[[ Provided entries open ]]

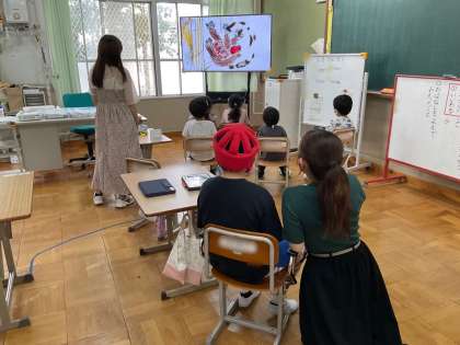 国語の学習では「さるかに合戦」のお話を聞いて、登場人物やその人柄について話し合いました。また授業の最後にはお話の感想を発表し、「おもしろかった」「スッとした」といった意見が出てきました。
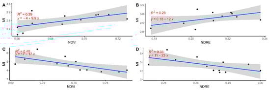 Linear regression and relationship for the two VIs and the MI values for the PT cultivar (A,B) and the SC cultivar (C,D). The blue line represents the regression line, and the grey area represents the confidence band (95% confidence interval).
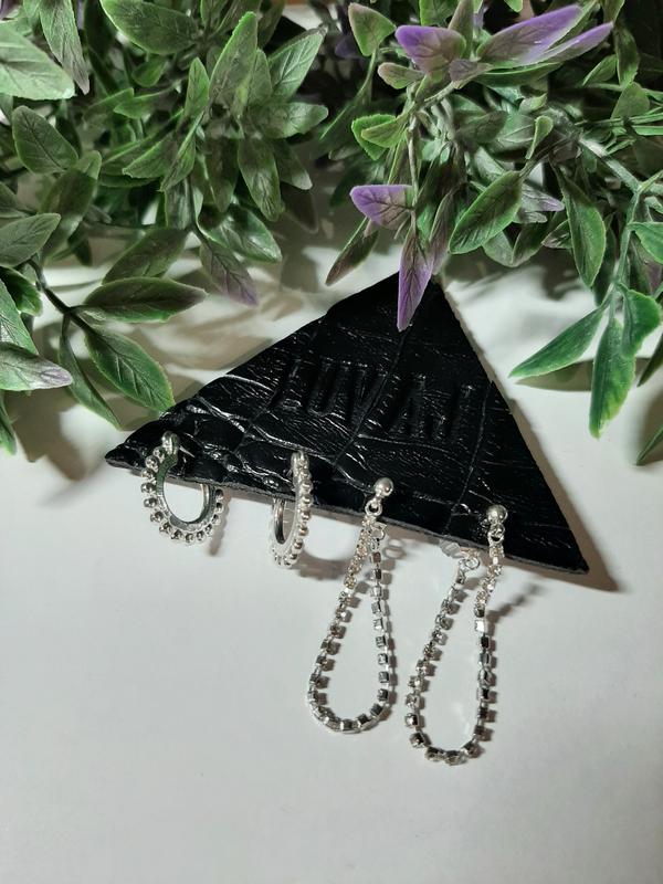 Набір із посріблених сережок- колець і сережок- ланцюжків із камінцями.Luv AJ
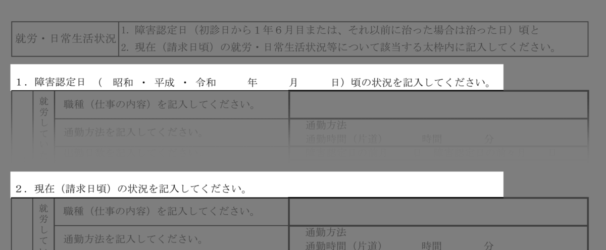 この欄は「2.現在(請求日頃)」の項目と一緒になっていますが、「1.障害認定日頃」のみ記入する場合でもこちらの欄に記入して問題ありません。
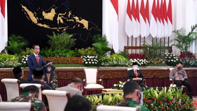 Presiden Republik Indonesia Joko Widodo memberikan pengarahan pada Rapat Pimpinan/Rapim TNI-Polri di Istana Negara, Jakarta pada Senin, 15 Februari 2021.
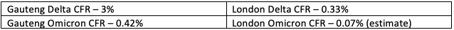 Now that the cases have peaked in London (since 23rd December in fact) and the hospital variables are in decline, it is possible to compare peak levels between London and Gauteng province in South Africa, where the Omicron wave began. There are very real differences between the two cities: Gauteng has relatively high prior infection levels and low vaccination rates, while London has lower prior infection rates and high vaccination rates. Gauteng has a younger population compared to London. Despite all this, the Case Fatality Rate (CFR) dropped 5-7-fold in both areas between Delta and Omicron.

[[ Provided entries closed ]]

**How to complete this task**
The answer must be an exact copy of the records, with no pictures in it.

**Task output**
 国語の学習では「さるかに合戦」のお話を聞いて、登場人物やその人柄について話し合いました。また授業の最後にはお話の感想を発表し、「おもしろかった」「スッとした」といった意見が出てきました。
 Linear regression and relationship for the two VIs and the MI values for the PT cultivar (A,B) and the SC cultivar (C,D). The blue line represents the regression line, and the grey area represents the confidence band (95% confidence interval).
 Набір із посріблених сережок- колець і сережок- ланцюжків із камінцями.Luv AJ
 この欄は「2.現在(請求日頃)」の項目と一緒になっていますが、「1.障害認定日頃」のみ記入する場合でもこちらの欄に記入して問題ありません。
 Presiden Republik Indonesia Joko Widodo memberikan pengarahan pada Rapat Pimpinan/Rapim TNI-Polri di Istana Negara, Jakarta pada Senin, 15 Februari 2021.
 Now that the cases have peaked in London (since 23rd December in fact) and the hospital variables are in decline, it is possible to compare peak levels between London and Gauteng province in South Africa, where the Omicron wave began. There are very real differences between the two cities: Gauteng has relatively high prior infection levels and low vaccination rates, while London has lower prior infection rates and high vaccination rates. Gauteng has a younger population compared to London. Despite all this, the Case Fatality Rate (CFR) dropped 5-7-fold in both areas between Delta and Omicron.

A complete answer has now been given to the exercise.